Every line from the first record below down to the line that includes "麗水機場場道工程水穩基層試驗段施工全面開始" must be reproduced exactly; the pictures are not.

---------- Information given

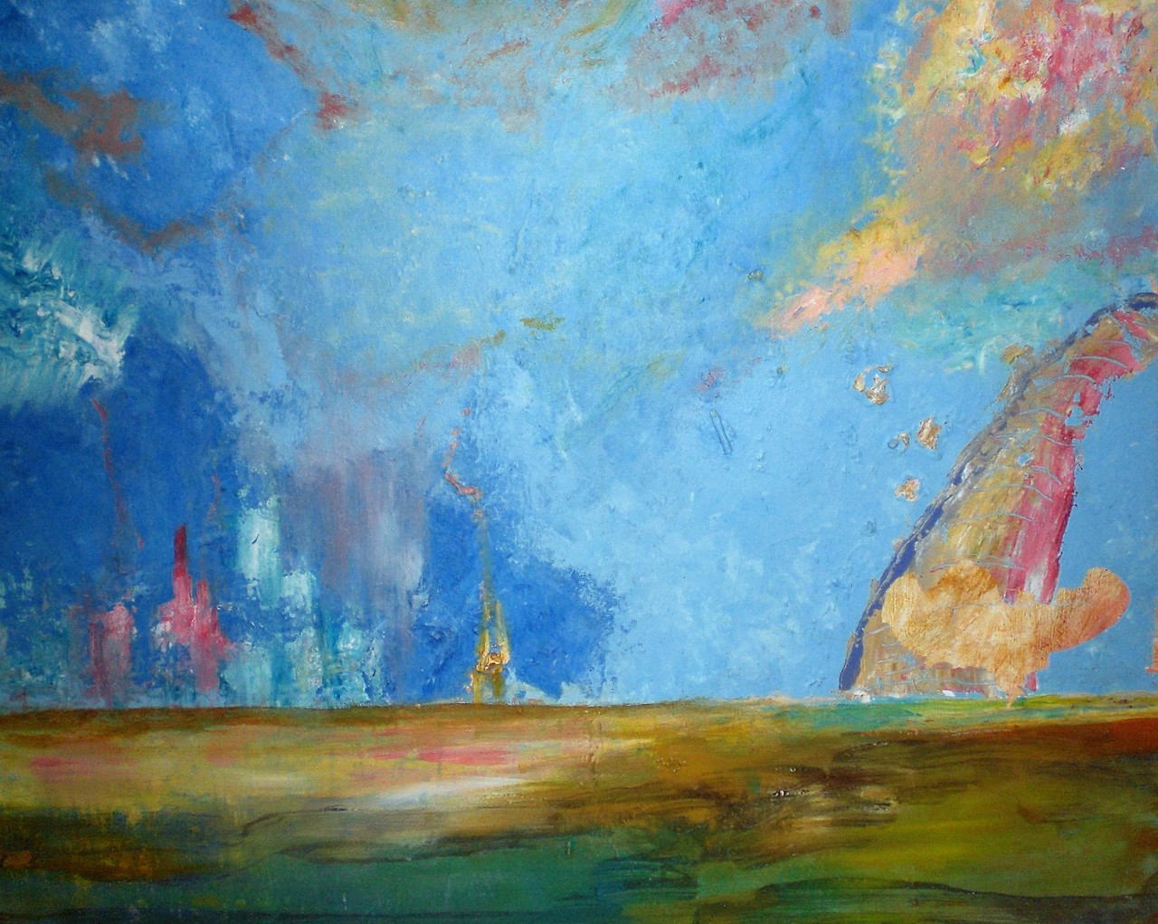 Iemand zg hier een in zee stortende roze walvis in. Meer kan ik hier niet over vertellen. Schilderij zelf vertelt zijn eigen verhaal.
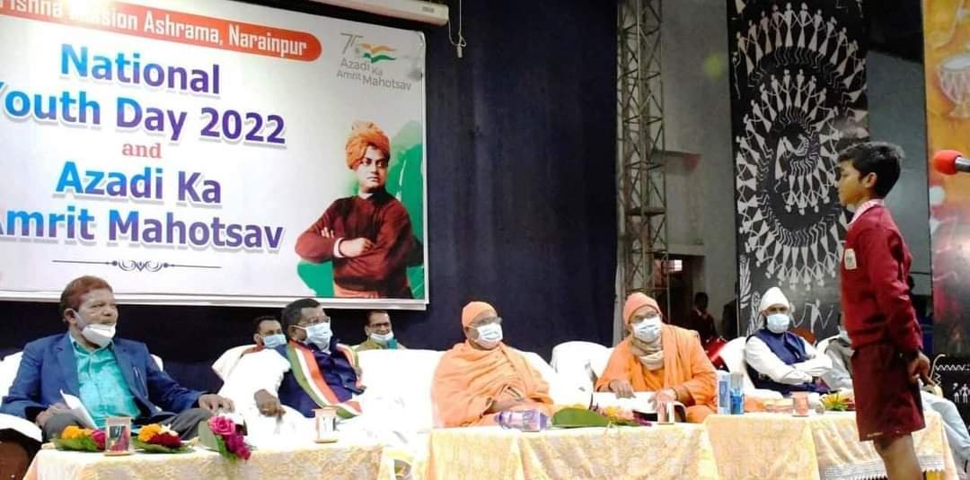राष्ट्रीय युवा दिवस कार्यक्रम को संबोधित करते हुए रामकृष्ण मिशन आश्रम के सचिव स्वामी व्याप्तानंद जी महाराज ने कहा कि आज पूरा देश युवाओं के साथ खड़ा है। आप सभी को मालूम है कि जिले में वर्ष 1984 में रामकृष्ण मिशन आश्रम की स्थापना हुई है। अबूझमाड़ के लोगों को बेहरत स्वास्थ्य एवं शिक्षा के लिए इस आश्रम की स्थापना हुई थी। यहां के बच्चे आश्रम में पढ़ाई कर एक अच्छा इंसान बनकर समाज में अमूल्य योगदान दे रहे हैं। इस अवसर पर आश्रम में पढ़ने वाले बच्चों ने भी कार्यक्रम को संबोधित किया।
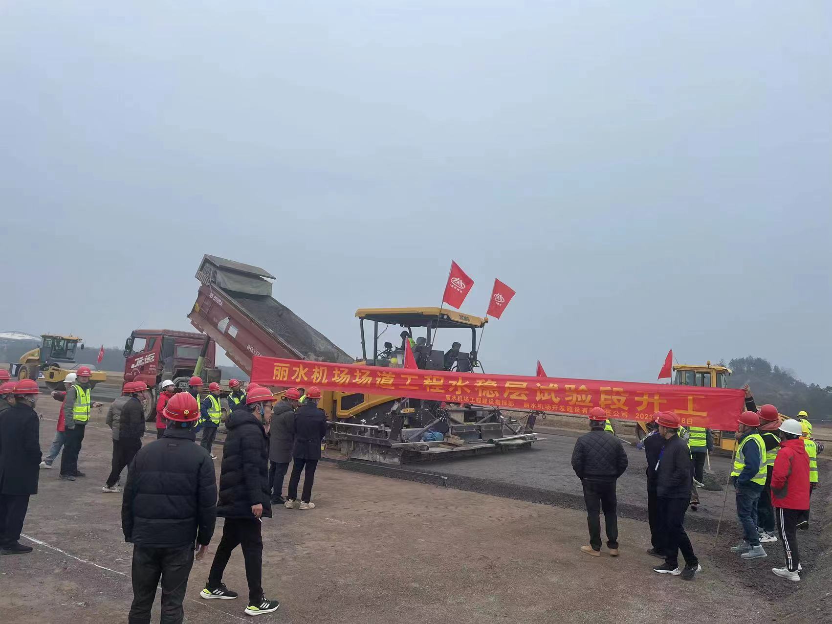 麗水機場場道工程水穩基層試驗段施工全面開始
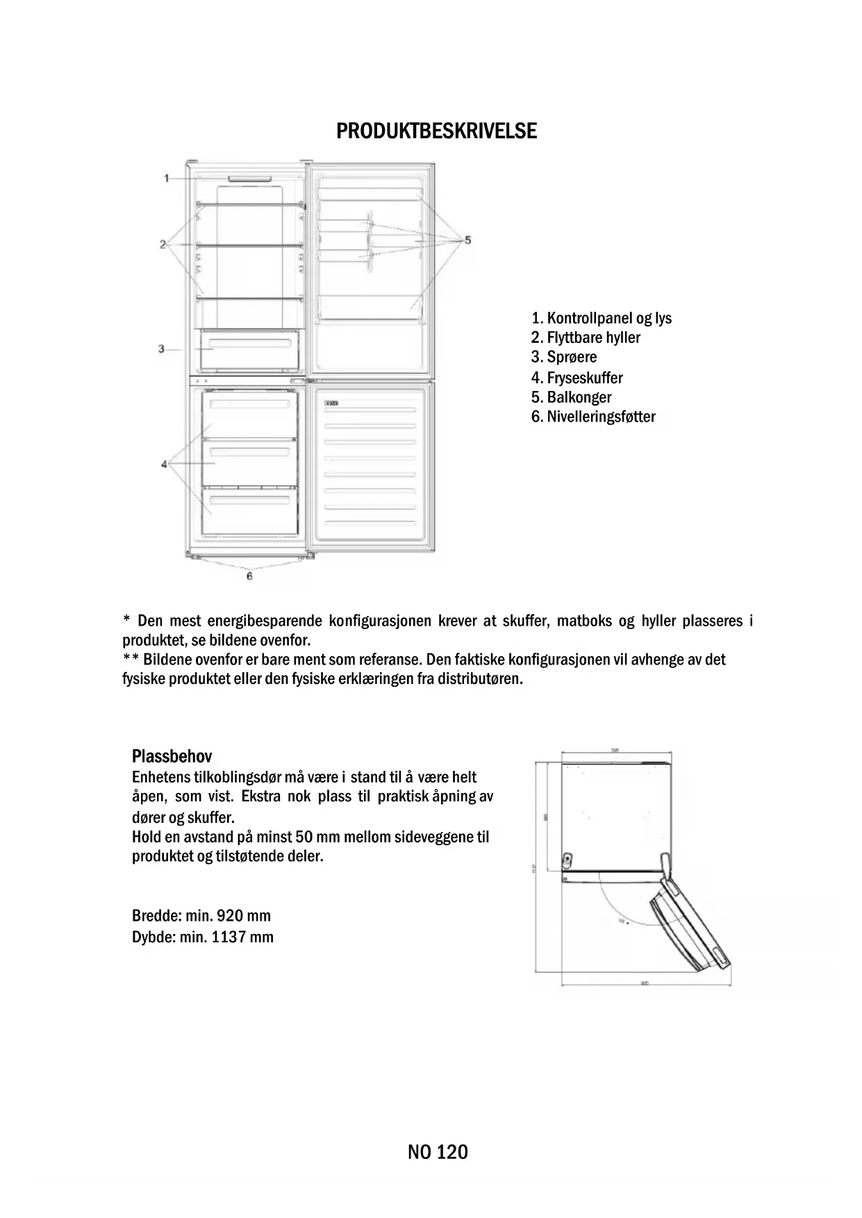- Den mest energibesparende konfigurasjonen krever at skuffer, matboks og hyller plasseres i produktet, se bildene ovenfor. ** Bildene ovenfor er bare ment som referanse. Den faktiske konfigurasjonen vil avhenge av det fysiske produktet eller den fysiske erklæringen fra distributøren. Plassbehov Enhetens tilkoblingsdør må være i stand til å være helt åpen, som vist. Ekstra nok plass til praktisk åpning av dører og skuffer. Hold en avstand på minst 50 mm mellom sideveggene til produktet og tilstøtende deler. Bredde: min. 920 mm Dybde: min. 1137 mmNO 121 BRUK ➀ PÅ/AV-tasten, brukes til å slå apparatet av/på. ➁ Mode-tasten, som brukes til å velge temperaturen i kjøleskapet eller spesialfunksjoner. ➂ Wi-Fi-ikon, vises hvis apparatet er koblet til appen. ➃ Super Cool-ikon viser hvis funksjonen er aktivert. ➄ Temperaturnivåer, viser den valgte temperaturen. Bruk
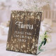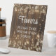 Funny Favors Signature Script Wood String Lights Table Sign - This elegant brown wood and white Table Sign, featuring lovely string lights and white floral can be personalized with your Wedding details (the product is not actually made from wood).
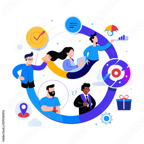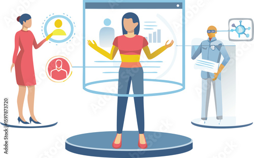 Lidé diváci se těší drone světelnou show, ploché vektorové izometrické ilustrace. Displej dronu.
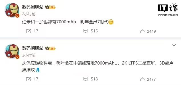 并且不只是旗舰机,中端机的电池容量亦一路疾驰,7000mAh 会在中端线落地。
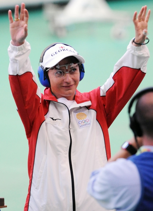 2008年8月10日,格魯吉亞選手妮諾·薩盧克瓦澤賽后向觀眾揮手致意。當(dāng)日,在2008北京奧運會上她獲得女子10米氣手槍銅牌。新華社記者 徐家軍 攝

--------------------

## Output below
 Iemand zg hier een in zee stortende roze walvis in. Meer kan ik hier niet over vertellen. Schilderij zelf vertelt zijn eigen verhaal.
राष्ट्रीय युवा दिवस कार्यक्रम को संबोधित करते हुए रामकृष्ण मिशन आश्रम के सचिव स्वामी व्याप्तानंद जी महाराज ने कहा कि आज पूरा देश युवाओं के साथ खड़ा है। आप सभी को मालूम है कि जिले में वर्ष 1984 में रामकृष्ण मिशन आश्रम की स्थापना हुई है। अबूझमाड़ के लोगों को बेहरत स्वास्थ्य एवं शिक्षा के लिए इस आश्रम की स्थापना हुई थी। यहां के बच्चे आश्रम में पढ़ाई कर एक अच्छा इंसान बनकर समाज में अमूल्य योगदान दे रहे हैं। इस अवसर पर आश्रम में पढ़ने वाले बच्चों ने भी कार्यक्रम को संबोधित किया।
 麗水機場場道工程水穩基層試驗段施工全面開始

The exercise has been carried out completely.